SOURCE MATERIAL
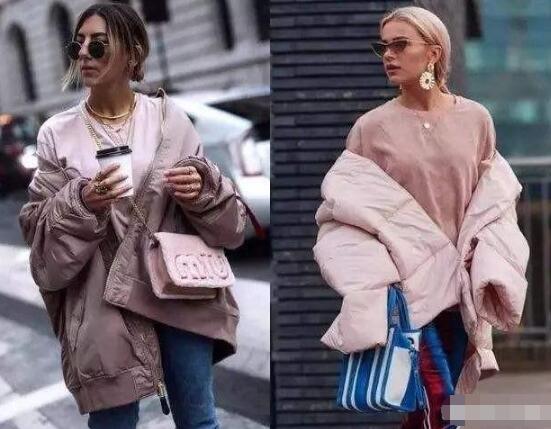 干枯玫瑰色的短款外套搭配蓝色的牛仔裤,非常帅气又休闲的搭配。我觉得这一组配色也是可以值得我们借鉴。女装搭配。
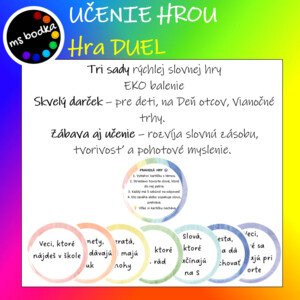 HRA DUEL – KRUHY Rýchla slovná hra, ktorá zabaví aj naučí! 🎯 Tri sady zábavných kategórií Hráči súťažia, kto skôr
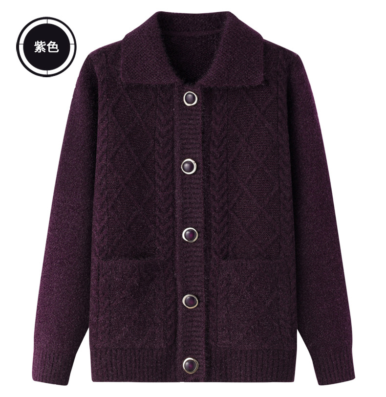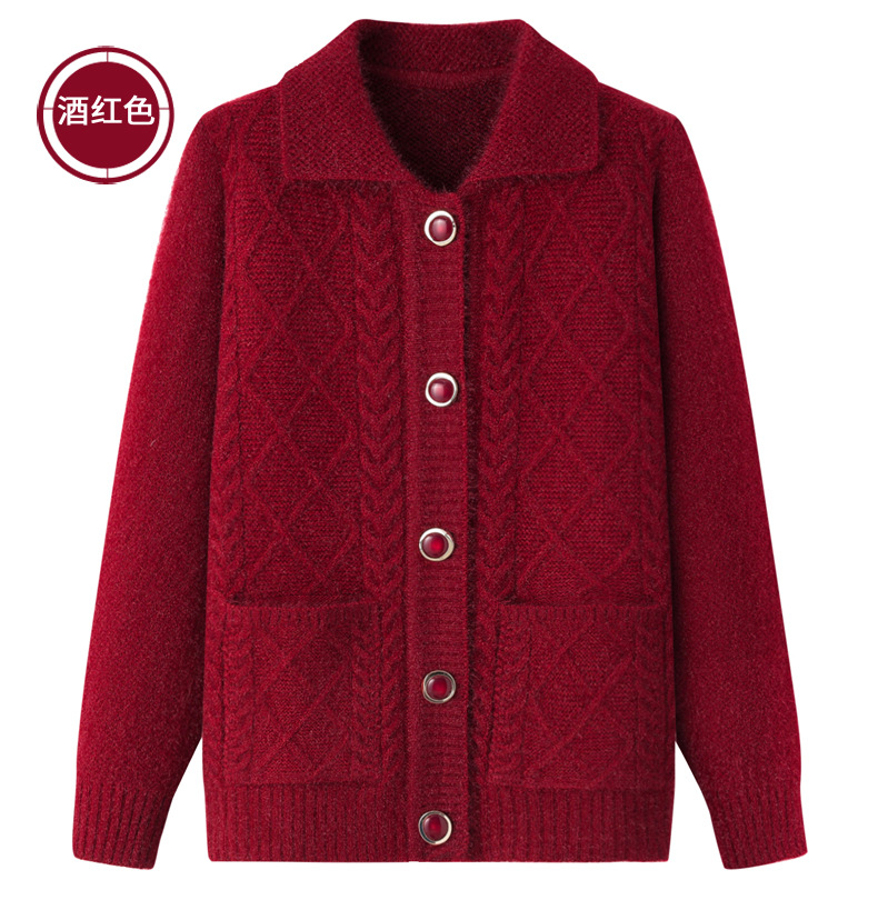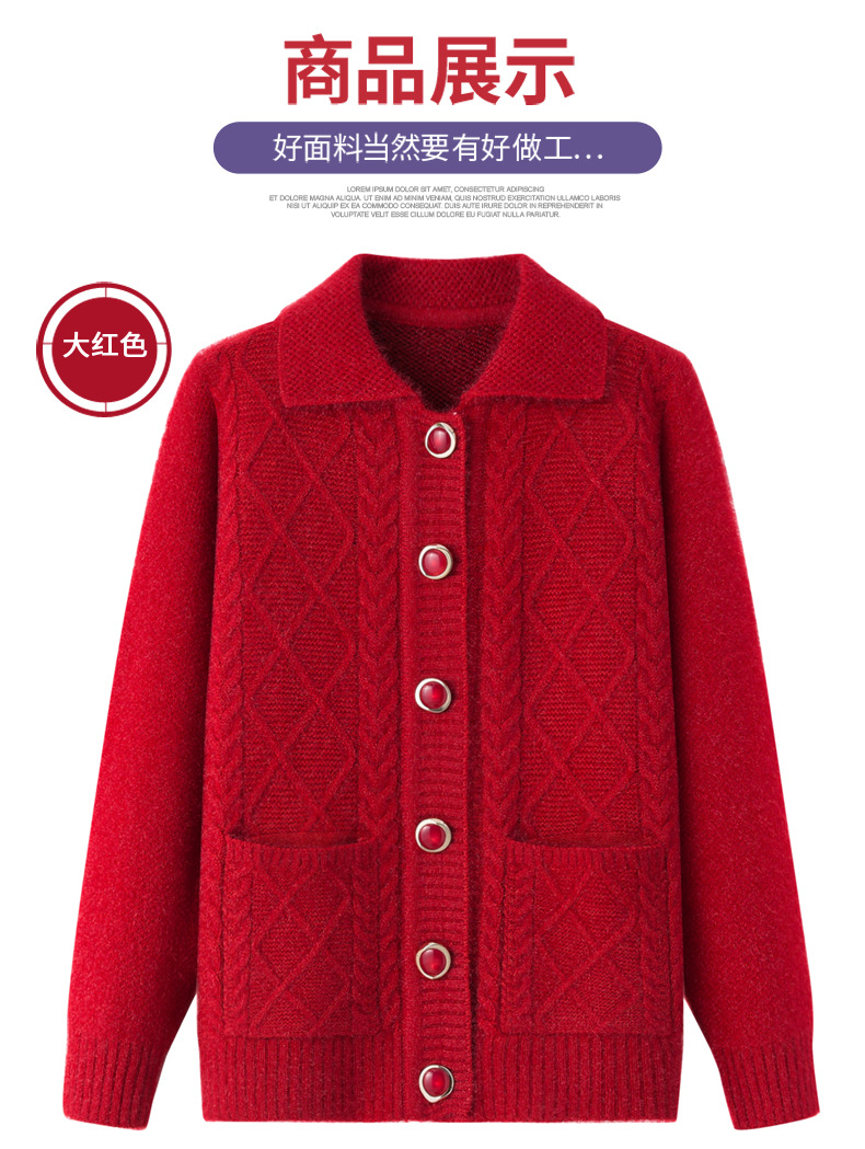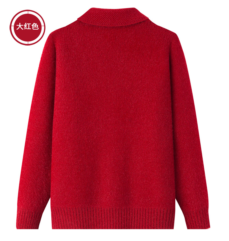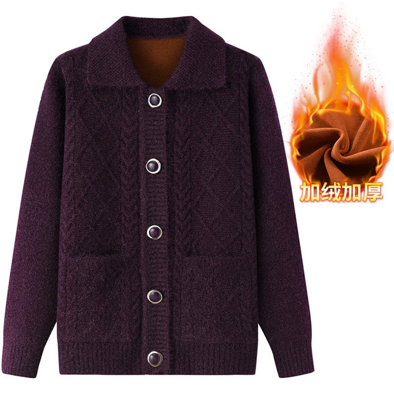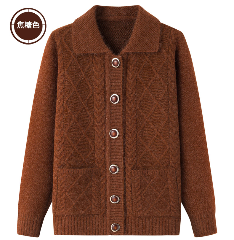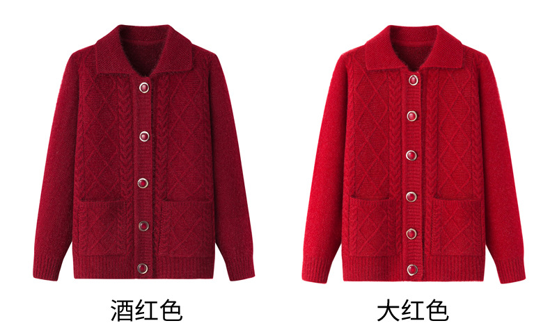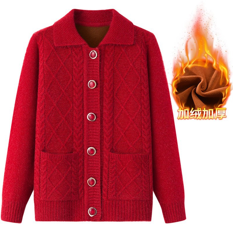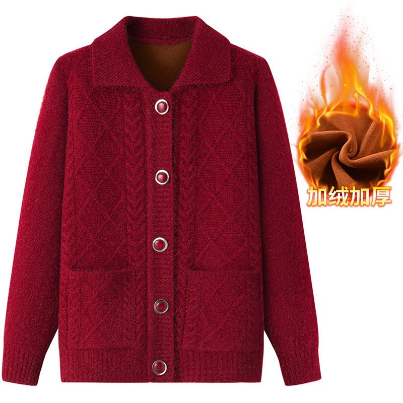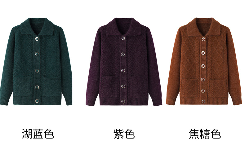 老年人秋冬外套女奶奶装加厚翻领妈妈装针织衫开衫中老年毛衣春装

TASK BRIEF
Write the listing above out again exactly, dropping each image.

REPLY TO THE TASK
 干枯玫瑰色的短款外套搭配蓝色的牛仔裤,非常帅气又休闲的搭配。我觉得这一组配色也是可以值得我们借鉴。女装搭配。
 HRA DUEL – KRUHY Rýchla slovná hra, ktorá zabaví aj naučí! 🎯 Tri sady zábavných kategórií Hráči súťažia, kto skôr
 老年人秋冬外套女奶奶装加厚翻领妈妈装针织衫开衫中老年毛衣春装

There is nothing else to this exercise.